What ONyc is designed to do

ONyc is a fiat-backed stablecoin, currently ranked 226th by market capitalization among the assets we track. Unlike volatile crypto assets, ONyc targets a fixed value backed by off-chain reserves. Holders use it to park value, settle trades, and move money — its entire value proposition is that it does not move.

ONyc (ONYC) is a cryptocurrency designed to facilitate secure and efficient peer-to-peer transactions while promoting the concept of tokenization in various asset classes. It aims to create a decentralized ecosystem that enhances digital ownership and commerce.

How the peg is meant to hold

Pegs are defended by market makers who profit from closing any gap to par. The strength of that defense comes down to whether the backing assets are liquid and the issuer is solvent.

Background & fundamentals

The project publishes a whitepaper documenting its original design, which is worth reading before sizing any position in ONYC. In sector terms it is most often filed under Solana (SOL) Token and Stablecoin.

Where ONyc sits in the market

With ONYC near $1.12, ONyc carries a market capitalization of $111.78M. Around $705.00K changes hands across exchanges in a typical 24-hour window. That is a turnover of about 0.63% of the float — on the quieter side, which can mean thinner liquidity for large orders.

Almost the entire ONYC supply is already in circulation (~100.0% of the 100M cap), so future dilution is effectively off the table. At the current $1.12, ONYC sits essentially at its record high — the riskier end of the range for fresh entries.

What the price history shows

The tape currently reads 24-hour +0.03%, 7-day +0.18%.

Volatility profile

Recent action puts ONyc in the Low-volatility band — it has been relatively stable, with moves typical of large-cap, mature assets.

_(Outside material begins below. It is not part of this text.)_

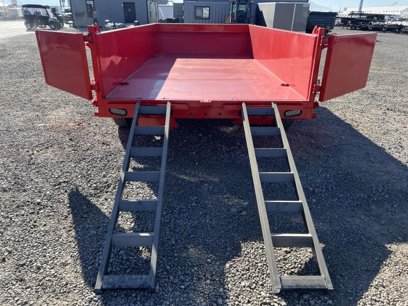 Stock #: RM1544 Trailer Specs: Color: Red Powdercoat Overall: Length: 19'0" Width: 8'6" Interior/Bed: Length: 14' Width: 7' Side Height: 24" Weight: 4,608 lbs. | GVWR: 14,000 lbs. | Payload: 9,392 lbs. Axle(s): 7,000 lb. Dexter Spring Braked Axle w/ EZ Lube Hubs Tire/Wheel: ST235/80R16 | Load Range E Coupler: Type: Bumper Pull | Size 2 5/16" | 7-Way 12V Connector 8"x13lb I-Beam Main Frame | 3" Channel Cross-Members | 16" OC 5 Year Dexter Axle Warranty 3 Year Structural Warranty 1 Year Limited Warranty Standard Features: 7 Cubic Yard Capacity 12G Steel Side Walls w/ Reinforced Rails 10G Steel Floor Plate (4) Welded D-Rings Power Up/Down KTI Hydraulic Pump 5" Hydraulic Cylinder w/ Scissor Lift Rear Barn & Spreader Gate 10K Drop Leg Jack Safety Chains All-Weather Wiring Harness Breakaway System w/ Charger LED DOT Approved Lights Powdercoated WASATCH TRAILER SALES - LARGEST TRAILER SELECTION IN UTAH Springville: (801) 528-1581 | 1180 S 2000 W, Springville UT, 84663 View More Inventory: www.wasatchtrailer.com

How to evaluate a stablecoin like ONyc

For an asset of this type, three lenses matter most:

  • Reserve quality — what backs ONYC — cash and short Treasuries are safer than commercial paper or crypto collateral — and who attests to it.
  • Redemption access — whether holders can actually redeem at par, and how quickly, under stress.
  • Regulatory standing — the issuer's jurisdiction and licensing, which increasingly determines which stablecoins survive at scale.

This page pulls live market data, on-chain stats where available, exchange-by-exchange volume, and our forecast model into one view so you can work through those questions in a single place. None of it is investment advice — it is a structured starting point for your own research.